Films by season & age - Heads of Dept: Visual FX (Ages 15-18)

Seasons are a great way to explore different ideas through watching a group of films. Why not try watching all the films in a season and make some time for discussion. Topics and discussion points are included.

At FilmClub, we plan to offer our members a regular look at the different skills involved in making movies. That way, we hope that you’ll not only build up a real understanding of just how an idea for a story ends up on-screen – but also that you might find an area of the movie industry that you might want to one day work in yourself. We’re starting things off with Visual Effects – the art of creating all those things that you might think would be impossible to put up on-screen. In many films, it’s one of the most vital roles in the whole production – the Visual Effects department being responsible for the movie’s most spectacular moments, the sights that take the audience’s breath away. But it’s also a role about which you might not know too much – in which case, don’t worry. It’s often one of the jobs on a film set that’s a mystery to most of those who aren’t actually doing it!

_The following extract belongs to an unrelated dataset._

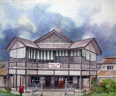 Kanan: “Paintings on urban or rural landscape may retain the original picture of buildings & structures. This watercolour picture of Kajang Post Office reveals its original facade which exhibits the blending beauty of local traditional architecture and a little from the West. Today, the ugly signboards, polycarbonate extentions…spoil the authenticity.” (Kajang Heritage Centre乌鲁冷岳社区文物馆, 3 Ogos 2015: "This watercolour picture of Kajang Post Office reveals its original facade").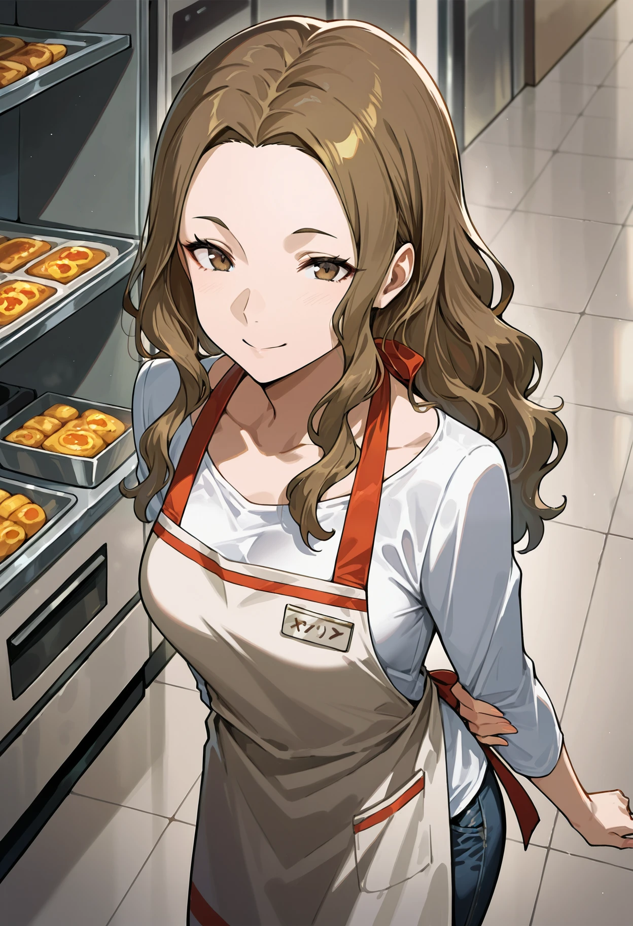 p4konishi-apron, apron, pants, jeans, white shirt, long sleeves, name tag,

In order to help put that situation right, we’ve collected what we think are some of the best examples of the work of a Visual Effects department. We’re starting right back in the earliest days of movie history, when jaws dropped around the world at what appeared to be a lunar landing in 1902’s A Voyage To The Moon. From there, we embark on our own journey of discovery through the most incredible advances of a century of visual effects, right up to the recent action hit Beowulf – a movie made entirely using “motion capture” computer technology. So if you want to witness the Biblical parting of the Red Sea, or a bullet fly through the air in such hyper slow-motion that the hero can swerve around it or limbo underneath it, or the Statue of Liberty disappear beneath a wall of ice and snow, or a bike race conducted at the speed of light inside an out-of-control computer game.... well, then you’ve come to the right place. And if you like what you see, then we hope you’ll give some thought to what it might be like to become a Visual Effects maestro yourself.

TALKING POINTS

What spectacular or amazing sights would you like to see in a movie that have never (so far!) appeared on the big screen? How satisfying do you think it is for a member of a VIsual Effects unit to see their work up on screen and know the audience are being blown away by it? In the context of the times that they were made, which of the films in this season do you think most dazzled movie-goers? Which do you think is the most spectacular now?